PROVIDED MATERIAL:
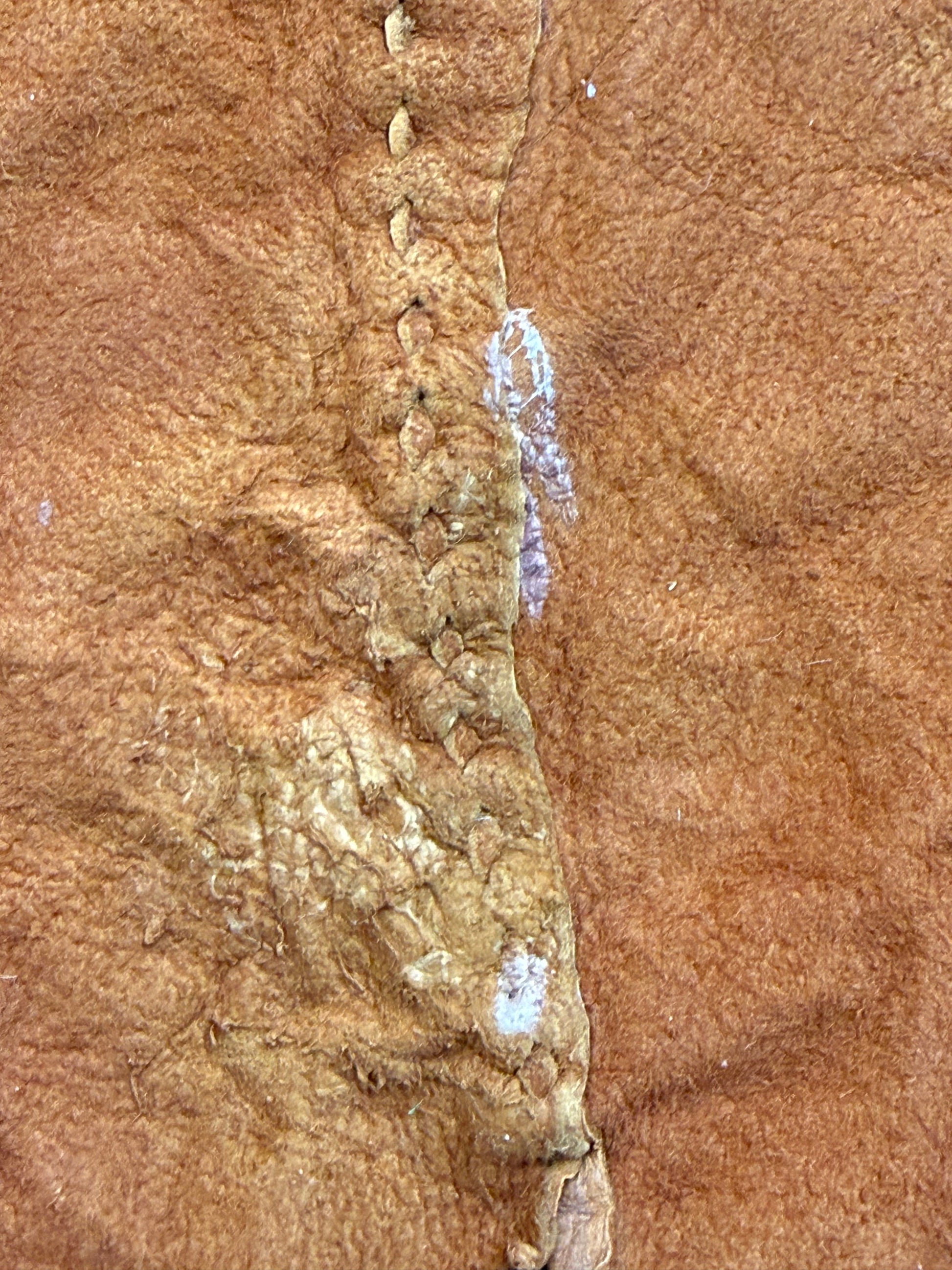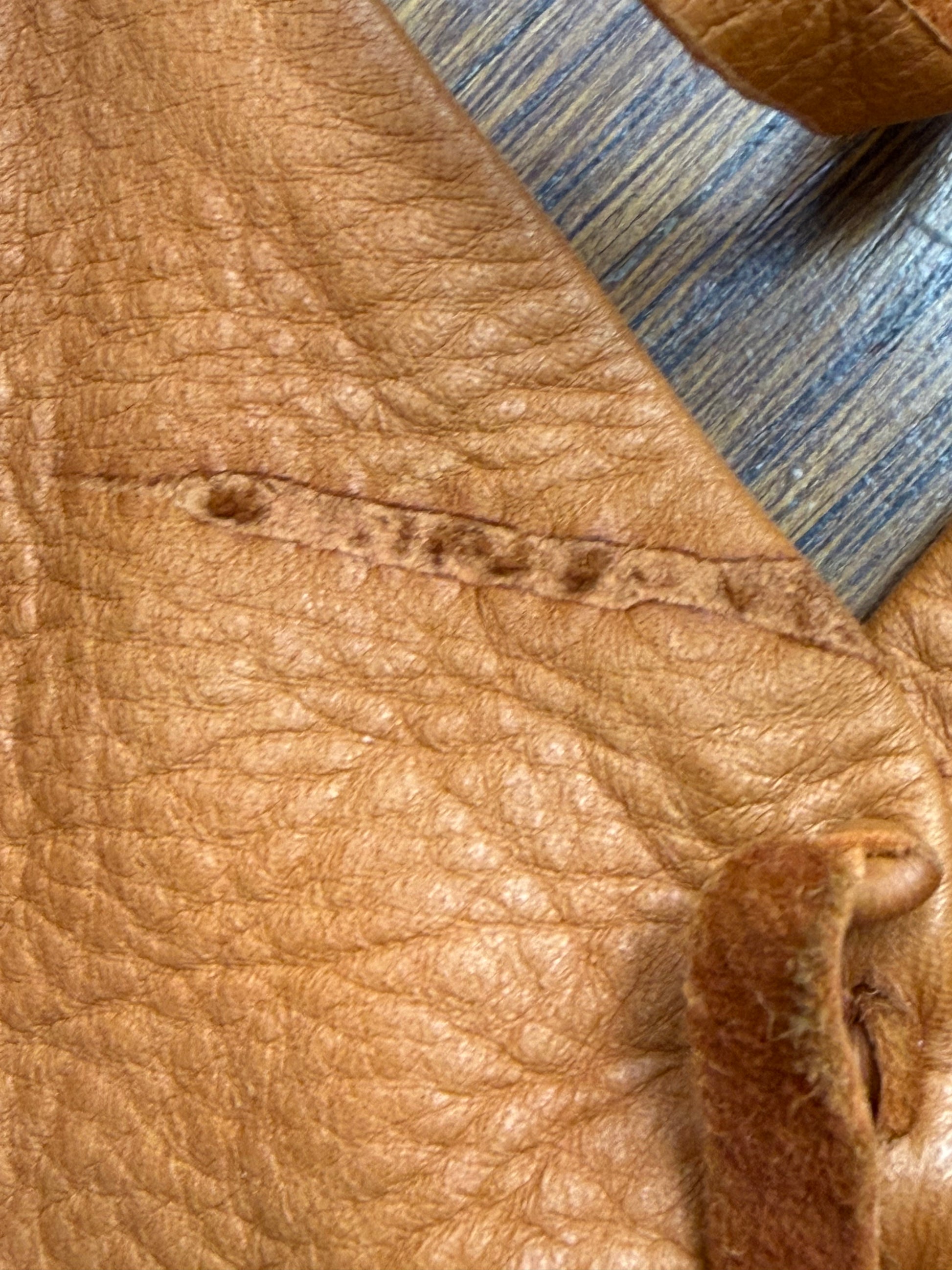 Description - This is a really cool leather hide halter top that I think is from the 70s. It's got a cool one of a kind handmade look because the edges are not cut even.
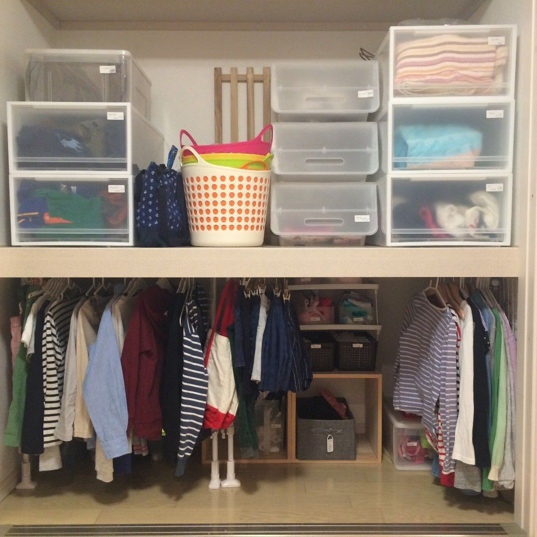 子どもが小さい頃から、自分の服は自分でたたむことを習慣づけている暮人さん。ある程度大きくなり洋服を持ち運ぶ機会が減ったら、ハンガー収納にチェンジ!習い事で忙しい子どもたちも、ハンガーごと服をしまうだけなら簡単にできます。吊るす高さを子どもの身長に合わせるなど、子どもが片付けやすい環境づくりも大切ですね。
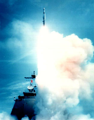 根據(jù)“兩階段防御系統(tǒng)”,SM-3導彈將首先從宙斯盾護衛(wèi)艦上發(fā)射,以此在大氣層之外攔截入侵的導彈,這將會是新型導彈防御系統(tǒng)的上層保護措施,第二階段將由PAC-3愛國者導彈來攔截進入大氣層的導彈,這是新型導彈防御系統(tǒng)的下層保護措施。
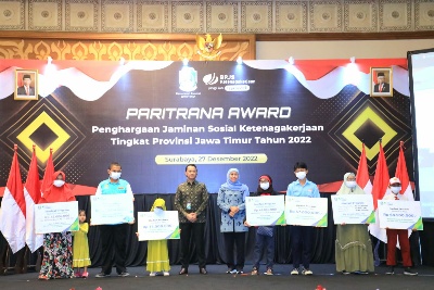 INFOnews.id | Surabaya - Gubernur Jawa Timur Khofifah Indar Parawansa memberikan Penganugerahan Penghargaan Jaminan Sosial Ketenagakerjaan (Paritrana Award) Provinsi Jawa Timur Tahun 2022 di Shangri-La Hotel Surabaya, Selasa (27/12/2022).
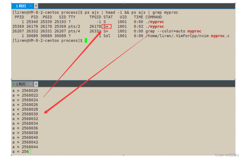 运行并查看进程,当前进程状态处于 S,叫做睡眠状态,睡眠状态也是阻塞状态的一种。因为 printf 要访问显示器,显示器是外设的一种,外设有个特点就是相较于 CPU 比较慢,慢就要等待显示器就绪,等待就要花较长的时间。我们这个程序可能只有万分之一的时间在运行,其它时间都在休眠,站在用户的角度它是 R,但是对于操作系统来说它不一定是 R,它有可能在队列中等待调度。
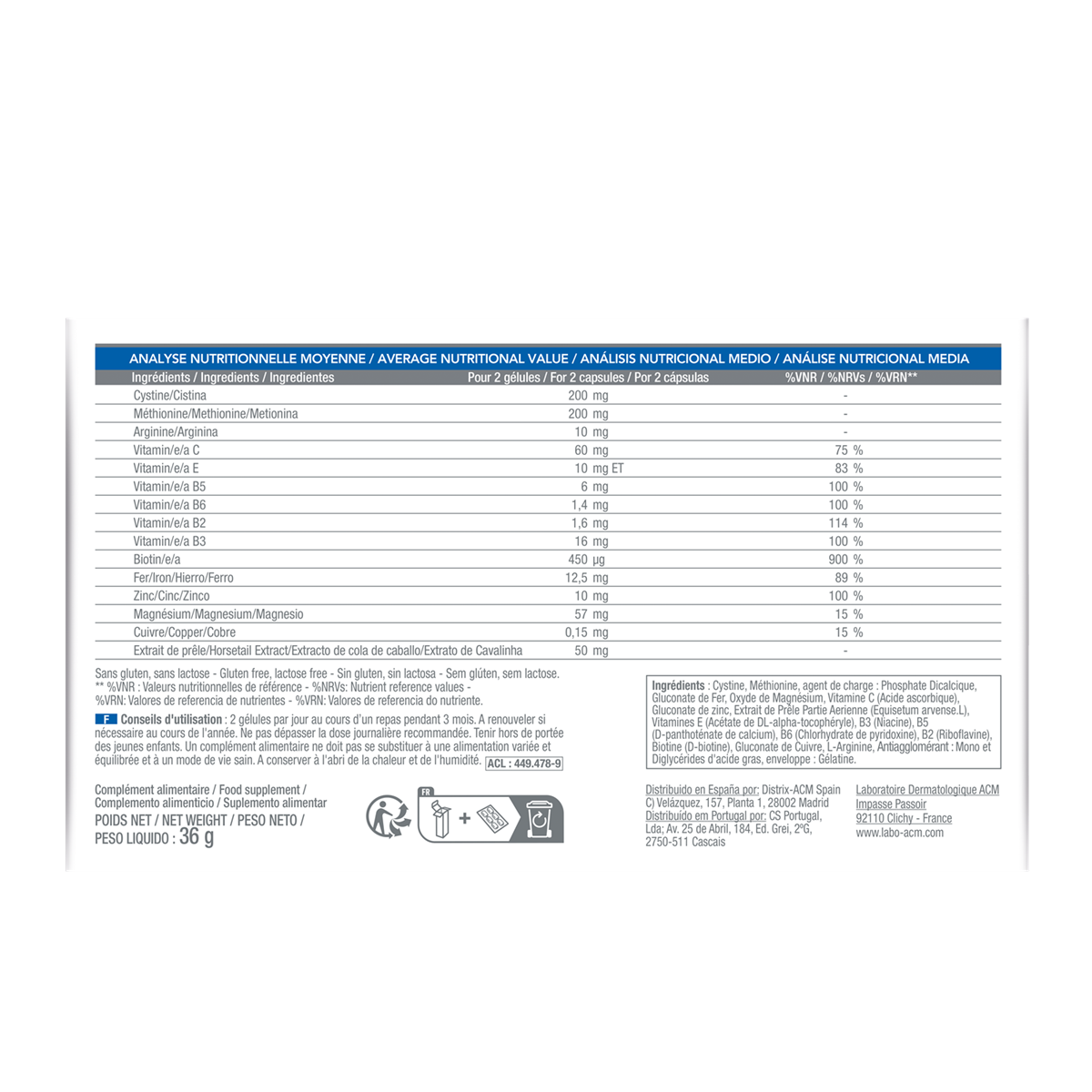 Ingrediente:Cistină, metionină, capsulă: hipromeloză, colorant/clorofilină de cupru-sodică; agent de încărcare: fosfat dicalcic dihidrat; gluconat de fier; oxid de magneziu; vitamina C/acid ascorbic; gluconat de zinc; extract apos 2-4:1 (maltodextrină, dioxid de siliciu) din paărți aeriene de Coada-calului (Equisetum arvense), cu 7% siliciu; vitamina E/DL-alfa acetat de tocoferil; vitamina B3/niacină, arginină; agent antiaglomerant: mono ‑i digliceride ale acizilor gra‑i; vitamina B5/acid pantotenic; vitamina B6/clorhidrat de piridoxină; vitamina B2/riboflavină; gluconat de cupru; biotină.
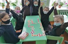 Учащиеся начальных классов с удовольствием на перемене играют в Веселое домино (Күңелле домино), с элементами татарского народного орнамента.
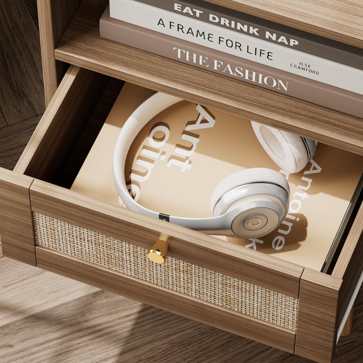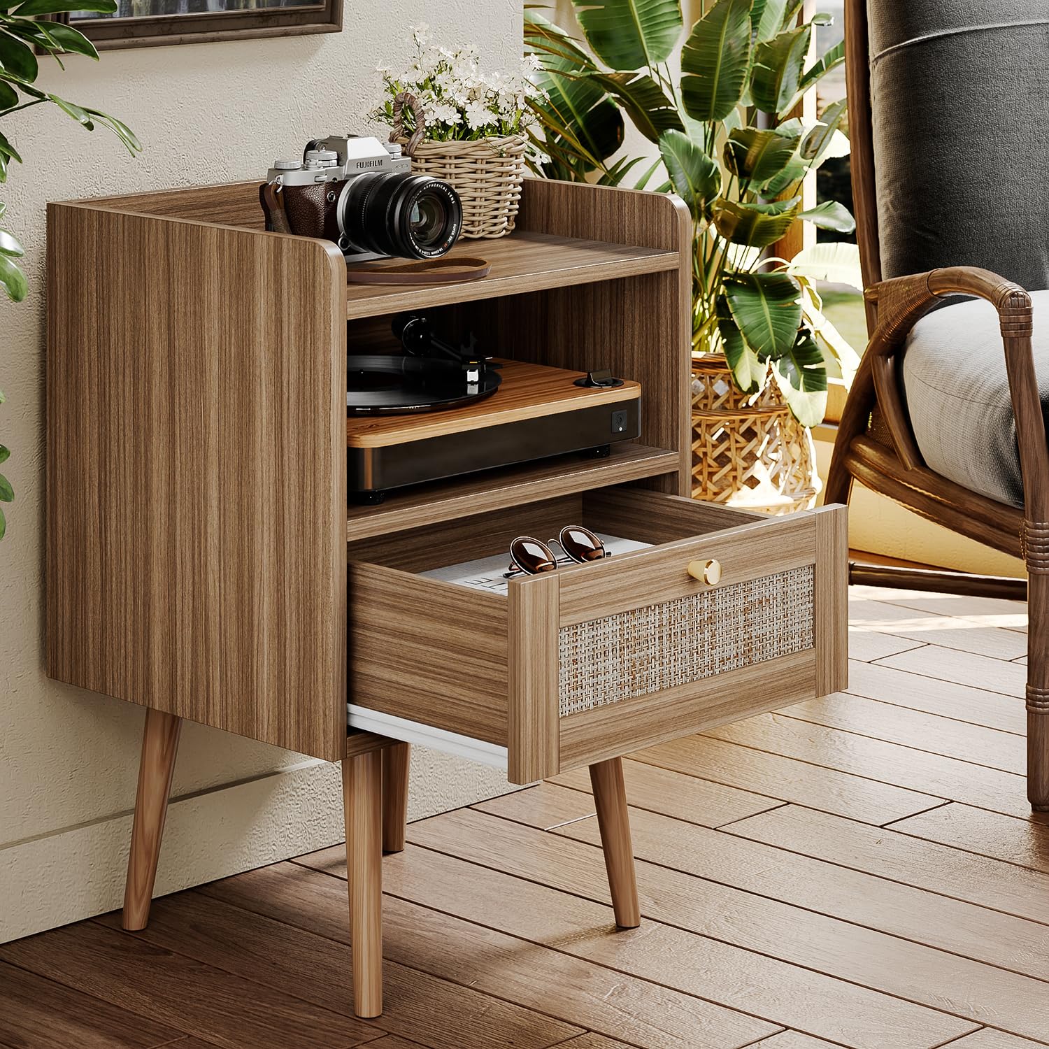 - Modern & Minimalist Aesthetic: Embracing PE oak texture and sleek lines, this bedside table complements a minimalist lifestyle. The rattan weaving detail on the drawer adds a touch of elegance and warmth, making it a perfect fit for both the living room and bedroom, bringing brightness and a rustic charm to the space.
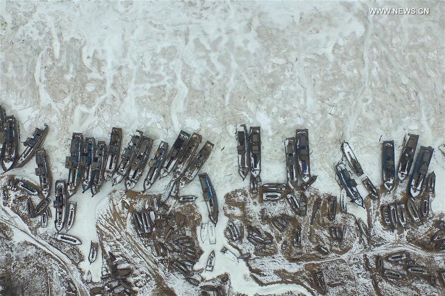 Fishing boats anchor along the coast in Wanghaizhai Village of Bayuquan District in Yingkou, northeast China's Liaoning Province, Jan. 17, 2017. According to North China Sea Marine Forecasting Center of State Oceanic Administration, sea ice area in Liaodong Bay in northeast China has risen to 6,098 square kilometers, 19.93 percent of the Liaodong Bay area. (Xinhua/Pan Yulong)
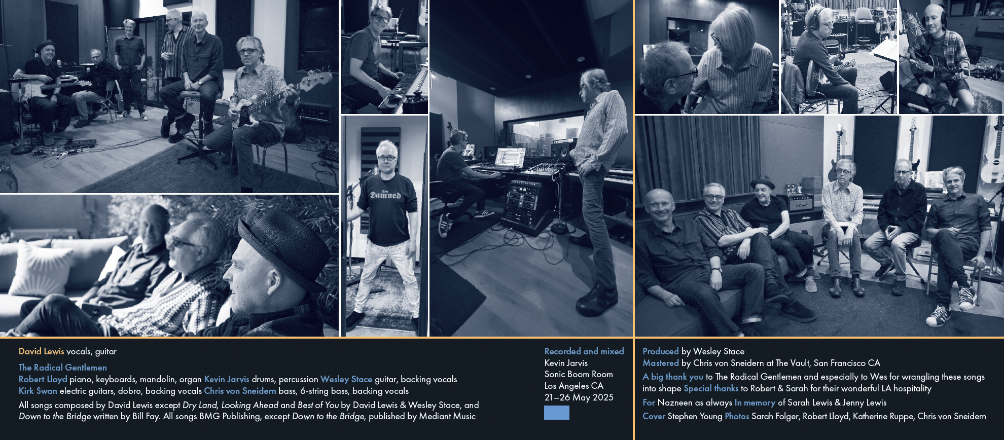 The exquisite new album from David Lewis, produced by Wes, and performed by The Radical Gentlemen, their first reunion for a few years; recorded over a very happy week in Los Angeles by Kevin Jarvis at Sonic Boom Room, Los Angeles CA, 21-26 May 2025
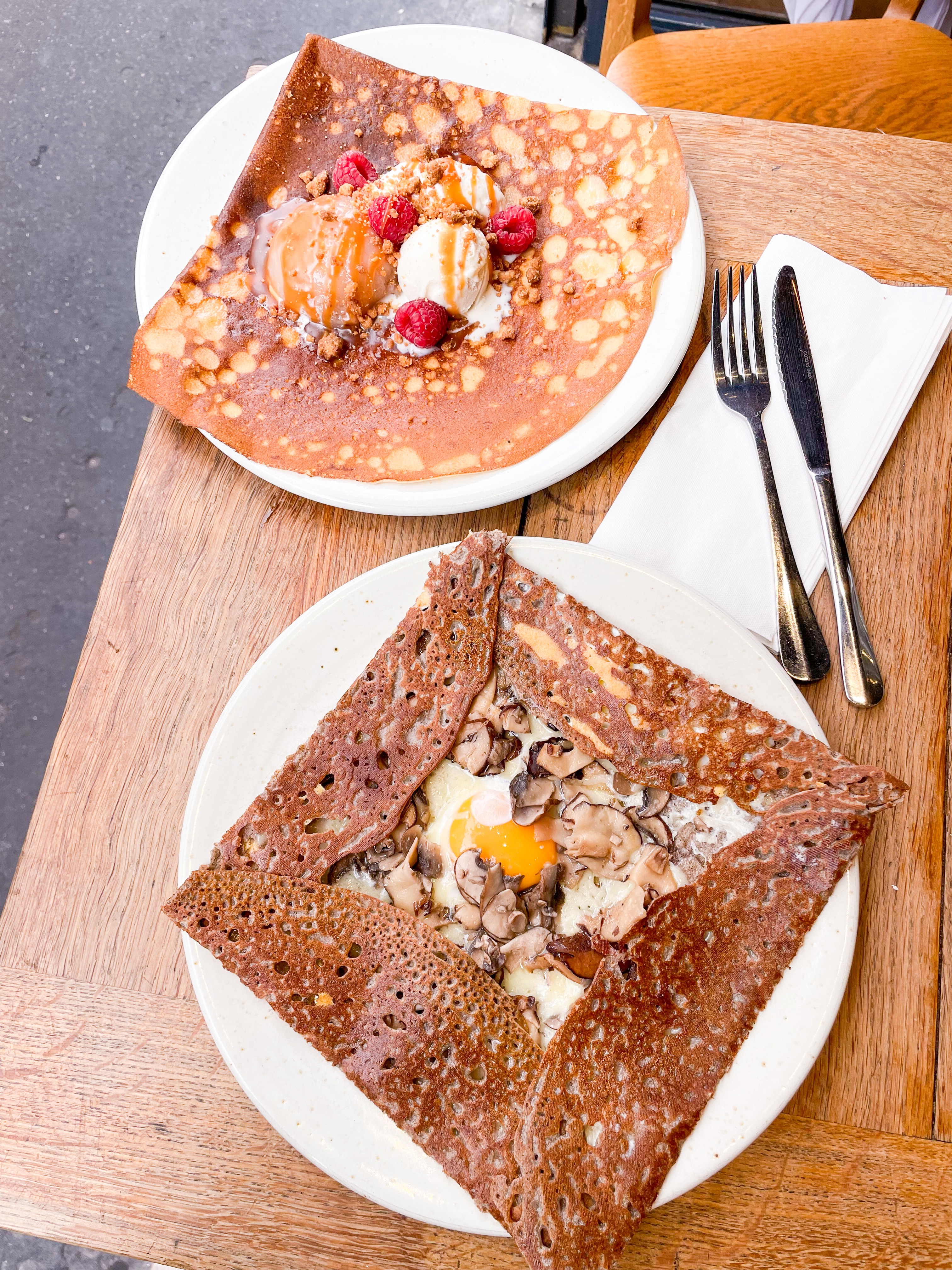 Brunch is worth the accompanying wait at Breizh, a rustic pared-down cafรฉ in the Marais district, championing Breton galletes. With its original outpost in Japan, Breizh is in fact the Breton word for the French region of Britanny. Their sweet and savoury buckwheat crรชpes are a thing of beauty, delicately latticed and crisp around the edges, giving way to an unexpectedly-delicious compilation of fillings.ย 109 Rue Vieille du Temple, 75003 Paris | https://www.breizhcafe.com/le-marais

ABOUT THIS EXERCISE: Return the listing verbatim, pictures excluded.

RESPONSE TO THIS EXERCISE:
 Description - This is a really cool leather hide halter top that I think is from the 70s. It's got a cool one of a kind handmade look because the edges are not cut even.
 子どもが小さい頃から、自分の服は自分でたたむことを習慣づけている暮人さん。ある程度大きくなり洋服を持ち運ぶ機会が減ったら、ハンガー収納にチェンジ!習い事で忙しい子どもたちも、ハンガーごと服をしまうだけなら簡単にできます。吊るす高さを子どもの身長に合わせるなど、子どもが片付けやすい環境づくりも大切ですね。
 根據(jù)“兩階段防御系統(tǒng)”,SM-3導彈將首先從宙斯盾護衛(wèi)艦上發(fā)射,以此在大氣層之外攔截入侵的導彈,這將會是新型導彈防御系統(tǒng)的上層保護措施,第二階段將由PAC-3愛國者導彈來攔截進入大氣層的導彈,這是新型導彈防御系統(tǒng)的下層保護措施。
 INFOnews.id | Surabaya - Gubernur Jawa Timur Khofifah Indar Parawansa memberikan Penganugerahan Penghargaan Jaminan Sosial Ketenagakerjaan (Paritrana Award) Provinsi Jawa Timur Tahun 2022 di Shangri-La Hotel Surabaya, Selasa (27/12/2022).
 运行并查看进程,当前进程状态处于 S,叫做睡眠状态,睡眠状态也是阻塞状态的一种。因为 printf 要访问显示器,显示器是外设的一种,外设有个特点就是相较于 CPU 比较慢,慢就要等待显示器就绪,等待就要花较长的时间。我们这个程序可能只有万分之一的时间在运行,其它时间都在休眠,站在用户的角度它是 R,但是对于操作系统来说它不一定是 R,它有可能在队列中等待调度。
 Ingrediente:Cistină, metionină, capsulă: hipromeloză, colorant/clorofilină de cupru-sodică; agent de încărcare: fosfat dicalcic dihidrat; gluconat de fier; oxid de magneziu; vitamina C/acid ascorbic; gluconat de zinc; extract apos 2-4:1 (maltodextrină, dioxid de siliciu) din paărți aeriene de Coada-calului (Equisetum arvense), cu 7% siliciu; vitamina E/DL-alfa acetat de tocoferil; vitamina B3/niacină, arginină; agent antiaglomerant: mono ‑i digliceride ale acizilor gra‑i; vitamina B5/acid pantotenic; vitamina B6/clorhidrat de piridoxină; vitamina B2/riboflavină; gluconat de cupru; biotină.
 Учащиеся начальных классов с удовольствием на перемене играют в Веселое домино (Күңелле домино), с элементами татарского народного орнамента.
 - Modern & Minimalist Aesthetic: Embracing PE oak texture and sleek lines, this bedside table complements a minimalist lifestyle. The rattan weaving detail on the drawer adds a touch of elegance and warmth, making it a perfect fit for both the living room and bedroom, bringing brightness and a rustic charm to the space.
 Fishing boats anchor along the coast in Wanghaizhai Village of Bayuquan District in Yingkou, northeast China's Liaoning Province, Jan. 17, 2017. According to North China Sea Marine Forecasting Center of State Oceanic Administration, sea ice area in Liaodong Bay in northeast China has risen to 6,098 square kilometers, 19.93 percent of the Liaodong Bay area. (Xinhua/Pan Yulong)
 The exquisite new album from David Lewis, produced by Wes, and performed by The Radical Gentlemen, their first reunion for a few years; recorded over a very happy week in Los Angeles by Kevin Jarvis at Sonic Boom Room, Los Angeles CA, 21-26 May 2025
 Brunch is worth the accompanying wait at Breizh, a rustic pared-down cafรฉ in the Marais district, championing Breton galletes. With its original outpost in Japan, Breizh is in fact the Breton word for the French region of Britanny. Their sweet and savoury buckwheat crรชpes are a thing of beauty, delicately latticed and crisp around the edges, giving way to an unexpectedly-delicious compilation of fillings.ย 109 Rue Vieille du Temple, 75003 Paris | https://www.breizhcafe.com/le-marais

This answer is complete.